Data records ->
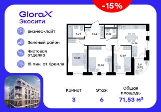 Продается 3-комн. квартира на 6-м этаже в строящемся проекте GloraX Экосити. Общая площадь лота составляет 71,53 кв. м, из которых 37,06 кв. м отведено под жилую и 16,36 кв. м под кухонную зону. Номер квартиры - 387
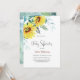 Baby shower invitation card decorated with watercolor sunflowers.
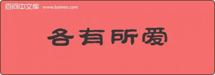 1、各有所爱,我们不要强求他这样。 2、宝匀正忙着抄写希腊寓言故事《山羊和驴》,祖籍是齐齐哈尔的茂老师猛然让她用成语“各有所爱”造句,她一下子懵了。 3、
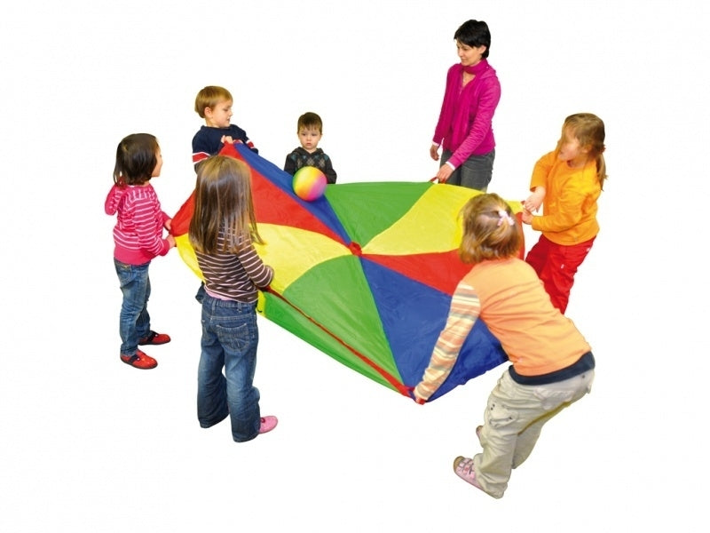 Als alle kinderen tegelijkertijd de handen omhoog doen vliegen de lichtgewicht ballen of ballonnen de lucht in.
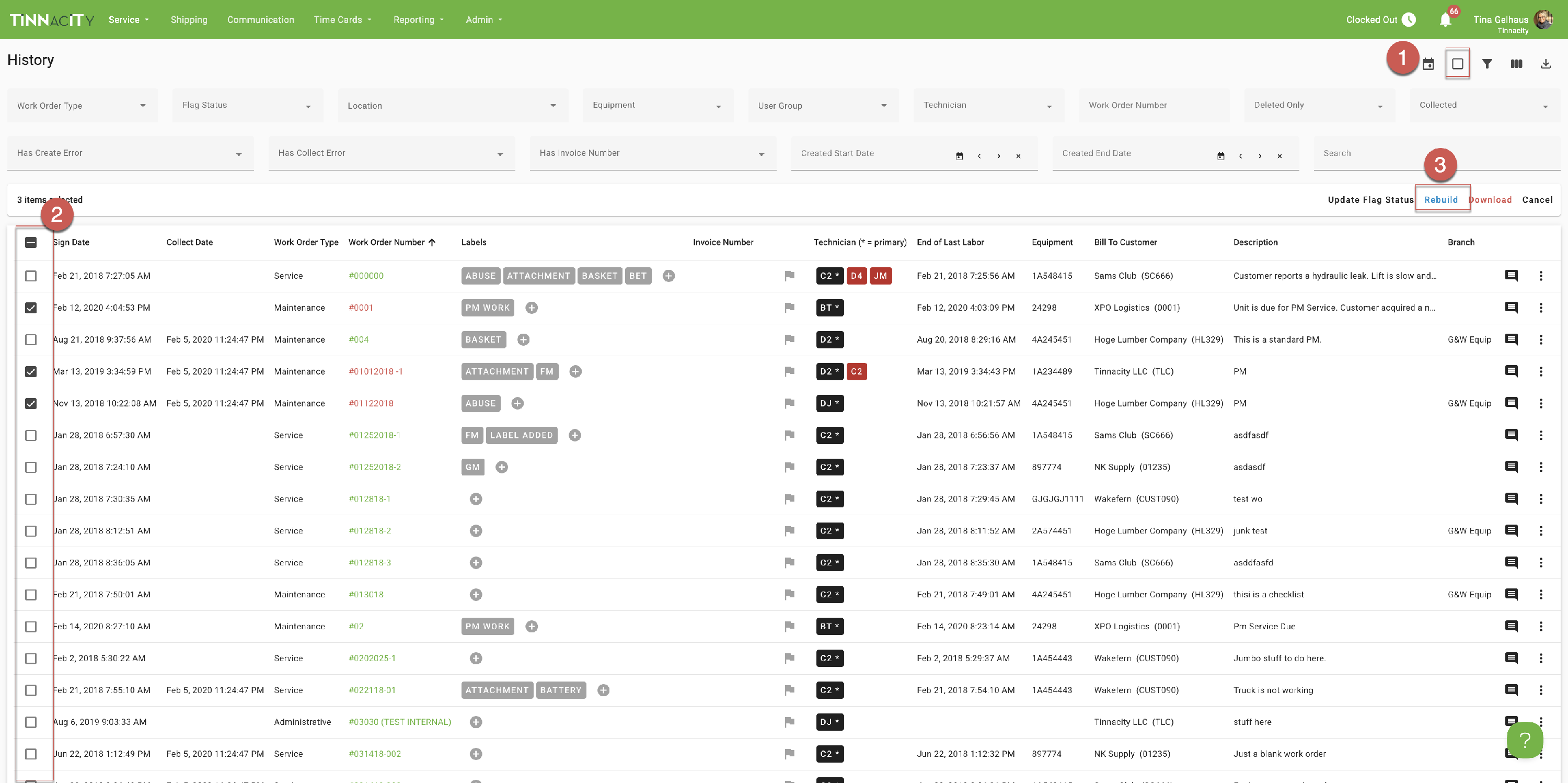 Click Select Multiple Rows icon at the top, right corner, select the work orders that the PDF needs rebuilt, and then click 'Rebuild'.
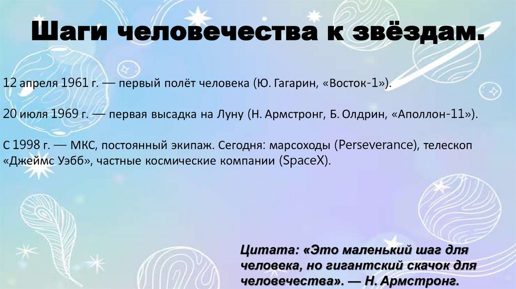 человечества». — Н. Армстронг.
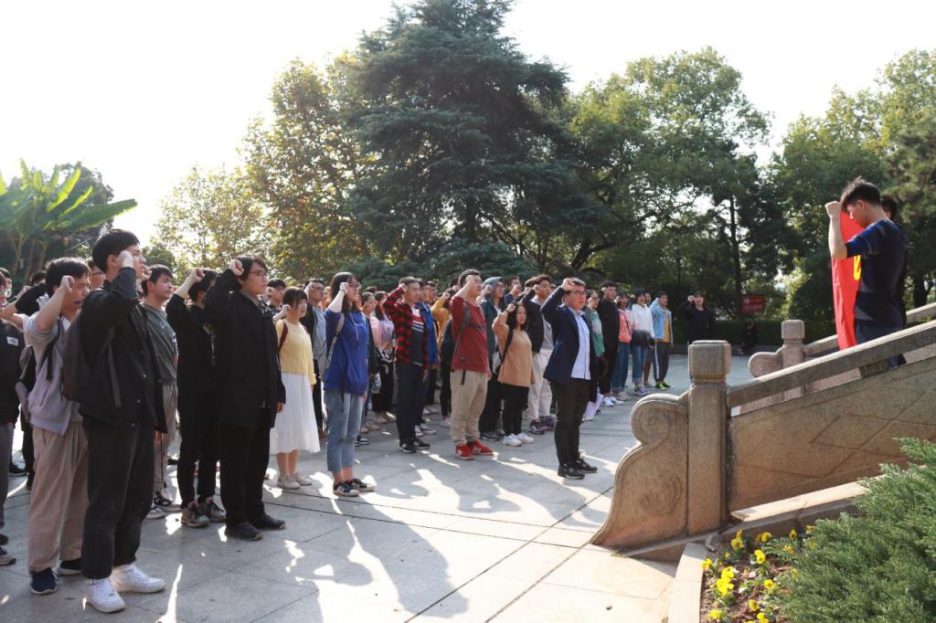 在抗战纪念碑前,学生党建工作委员会书记陈杰烜向全体党员及入党积极分子讲述了衡阳这座“英雄城市“在抗日战争时期的慷慨历史,回忆了衡阳保卫战中爱国将士和衡阳人民同仇敌忾,共赴国难的峥嵘岁月。全体党员和入党积极分子认真聆听陈书记的介绍,回顾当年衡阳保卫军可歌可泣的峥嵘岁月,追忆先烈遗迹,追思英雄情怀。全体同志们对先辈们前赴后继、艰苦奋斗的革命精神,以及不惜抛头颅、洒热血的革命壮志深感敬佩。听完讲解,全体党员和入党积极分子在陈书记的带领下,举起右手,一起向党旗庄严宣誓,重温入党誓词,铭记“为中国人民谋幸福,为中华民族谋复兴”的“初心”和“使命”。
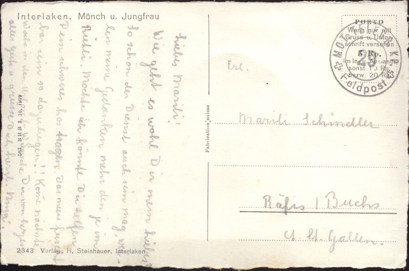 Zustandsbeschreibung der Ansichtskarte "Interlaken - Mönch und Junfrau"
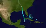 The final storm of the season started as a tropical depression on November 5, located in the Caribbean, south of Cuba. It strengthened into a tropical storm later during the day as it curved northward, and the storm turned towards the northeast on November 6. As it approached Cuba, the storm briefly attained hurricane status; however, as the hurricane made landfall over Cuba, it weakened to a tropical storm. The storm drifted over the Bahamas as a minimal tropical storm on November 8 while it traced east-northeast. It continued to weaken, and transitioned into an extratropical storm on November 10.[2] No damage is known to have been caused by the hurricane. Its path, its intensity, and the time of the year in which it formed are very similar to those of Hurricane Katrina of 1981.
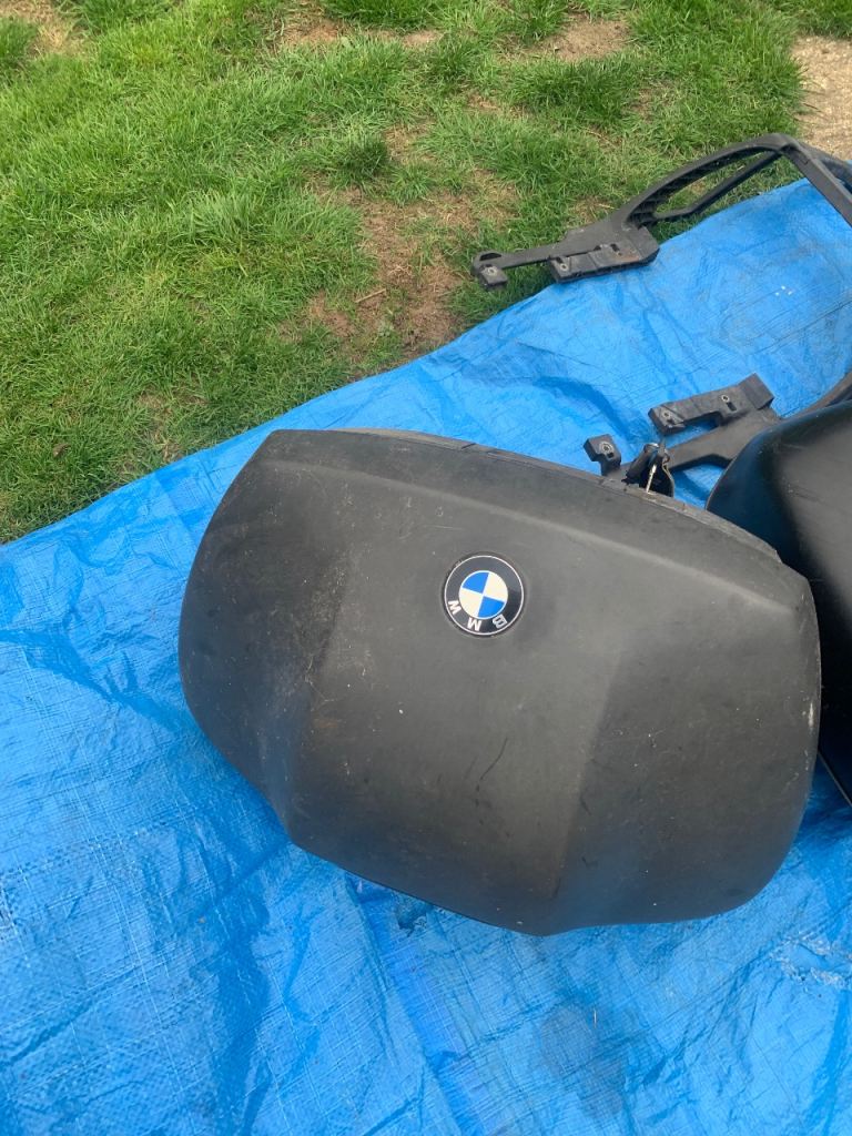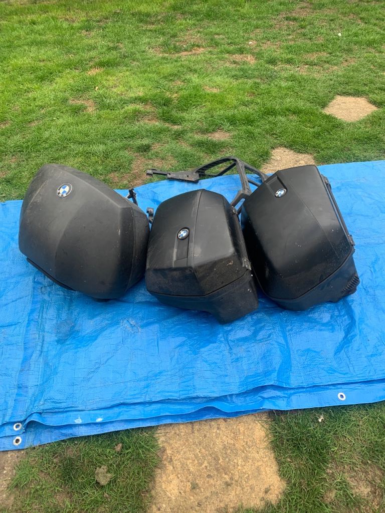 Here we have my full BMW HARD LUGGAGE SET INCLUDING THE RACK AND KEYS.
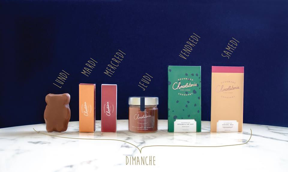 Development of a plan for the creation of the visual identity of the chocolatier for 6 stores, defining key elements such as logo, typography, colors, 45 packagings, flyers, business cards, web design, and merchandising.
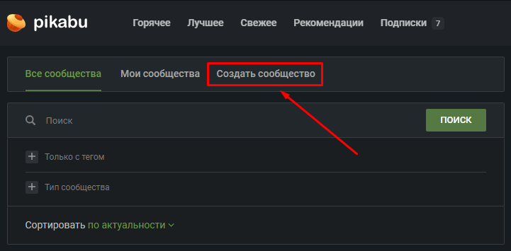 Пикабушник, который набрал 5000 рейтинга, может создать собственное сообщество и развивать его самостоятельно. Кнопка “Создать сообщества” находится на странице сообществ:
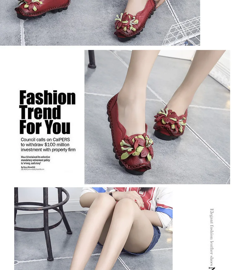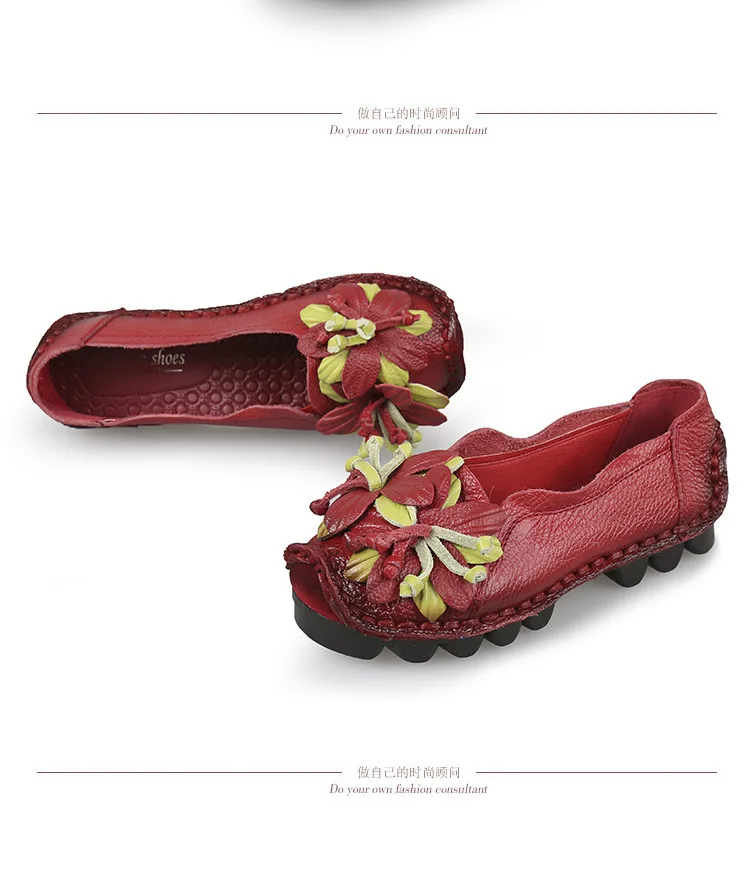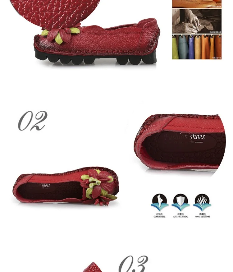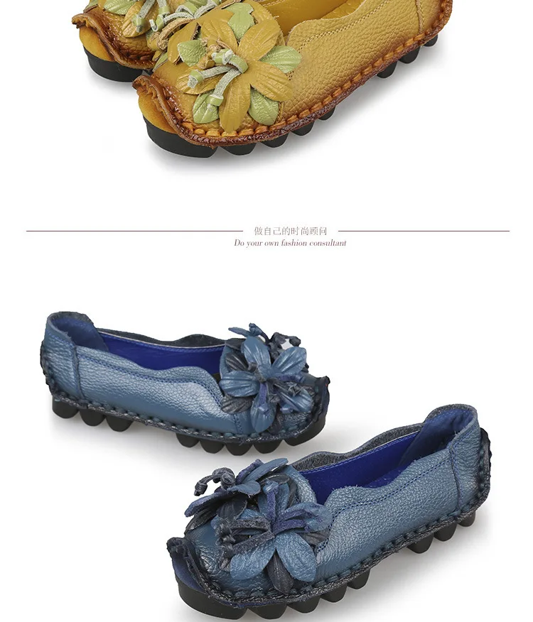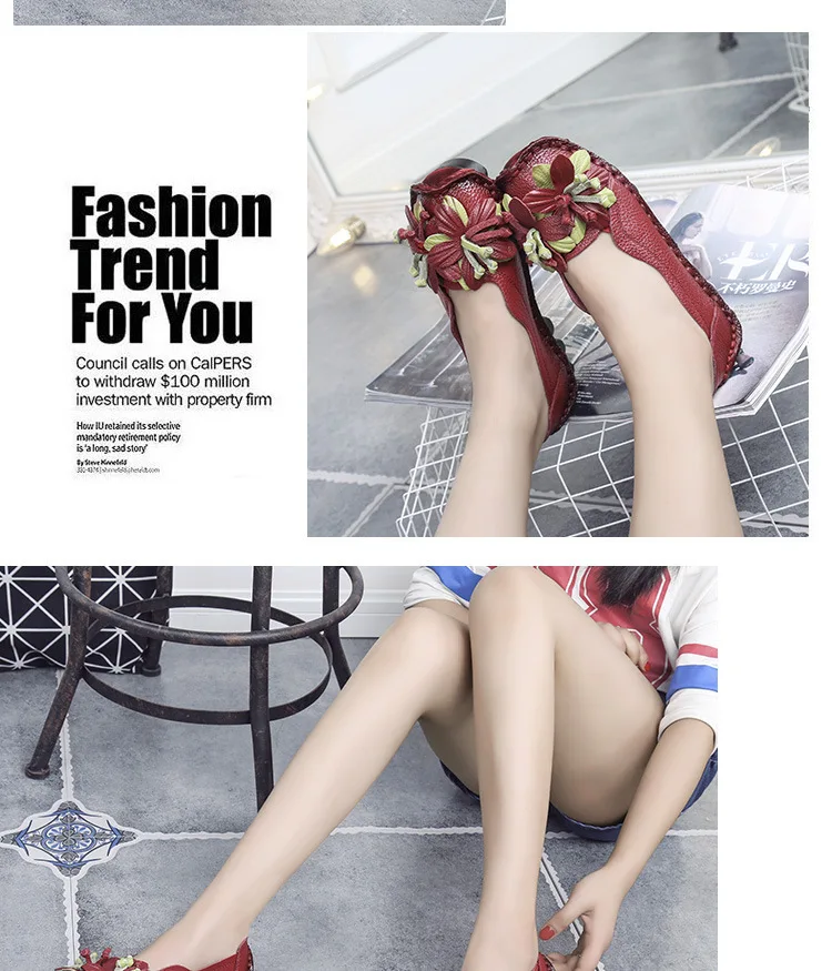 Das Obermaterial aus Genuine Leather ist weich, strapazierfähig und atmungsaktiv. Die PU-Innensohle passt sich dem Fuß an und bietet ganztägigen Komfort, während die rutschfeste Gummisohle sicheren Halt auf allen Oberflächen garantiert. Das minimalistische Retro-Design mit floralem Muster verleiht den Flats eine elegante und feminine Note.
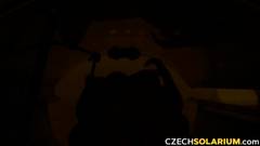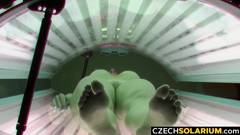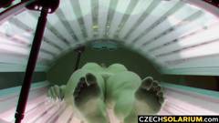 Veja esta loira nua se bronzeando em um centro de bronzeamento
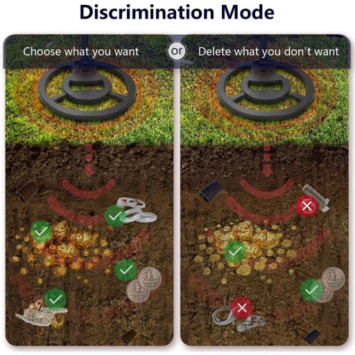 - DISC: Funkcja ta pozwala wykrywaczowi na rozróżnienie rodzajów metali, a dokładnie na odróżnienie rodzajów metali żelaznych od metali nieżelaznych (złoto, srebro, miedź, aluminium, cynk, ołów, platyna). Pozwala to na filtrowanie małych przedmiotów, takich jak kapsle, łuski lub odłamki

Exercise prompt -> Reproduce exactly, with no pictures, the lines above from the one holding "Als alle kinderen" to the one holding "Veja esta loira", inclusive.

Solution ->
 Als alle kinderen tegelijkertijd de handen omhoog doen vliegen de lichtgewicht ballen of ballonnen de lucht in.
 Click Select Multiple Rows icon at the top, right corner, select the work orders that the PDF needs rebuilt, and then click 'Rebuild'.
 человечества». — Н. Армстронг.
 在抗战纪念碑前,学生党建工作委员会书记陈杰烜向全体党员及入党积极分子讲述了衡阳这座“英雄城市“在抗日战争时期的慷慨历史,回忆了衡阳保卫战中爱国将士和衡阳人民同仇敌忾,共赴国难的峥嵘岁月。全体党员和入党积极分子认真聆听陈书记的介绍,回顾当年衡阳保卫军可歌可泣的峥嵘岁月,追忆先烈遗迹,追思英雄情怀。全体同志们对先辈们前赴后继、艰苦奋斗的革命精神,以及不惜抛头颅、洒热血的革命壮志深感敬佩。听完讲解,全体党员和入党积极分子在陈书记的带领下,举起右手,一起向党旗庄严宣誓,重温入党誓词,铭记“为中国人民谋幸福,为中华民族谋复兴”的“初心”和“使命”。
 Zustandsbeschreibung der Ansichtskarte "Interlaken - Mönch und Junfrau"
 The final storm of the season started as a tropical depression on November 5, located in the Caribbean, south of Cuba. It strengthened into a tropical storm later during the day as it curved northward, and the storm turned towards the northeast on November 6. As it approached Cuba, the storm briefly attained hurricane status; however, as the hurricane made landfall over Cuba, it weakened to a tropical storm. The storm drifted over the Bahamas as a minimal tropical storm on November 8 while it traced east-northeast. It continued to weaken, and transitioned into an extratropical storm on November 10.[2] No damage is known to have been caused by the hurricane. Its path, its intensity, and the time of the year in which it formed are very similar to those of Hurricane Katrina of 1981.
 Here we have my full BMW HARD LUGGAGE SET INCLUDING THE RACK AND KEYS.
 Development of a plan for the creation of the visual identity of the chocolatier for 6 stores, defining key elements such as logo, typography, colors, 45 packagings, flyers, business cards, web design, and merchandising.
 Пикабушник, который набрал 5000 рейтинга, может создать собственное сообщество и развивать его самостоятельно. Кнопка “Создать сообщества” находится на странице сообществ:
 Das Obermaterial aus Genuine Leather ist weich, strapazierfähig und atmungsaktiv. Die PU-Innensohle passt sich dem Fuß an und bietet ganztägigen Komfort, während die rutschfeste Gummisohle sicheren Halt auf allen Oberflächen garantiert. Das minimalistische Retro-Design mit floralem Muster verleiht den Flats eine elegante und feminine Note.
 Veja esta loira nua se bronzeando em um centro de bronzeamento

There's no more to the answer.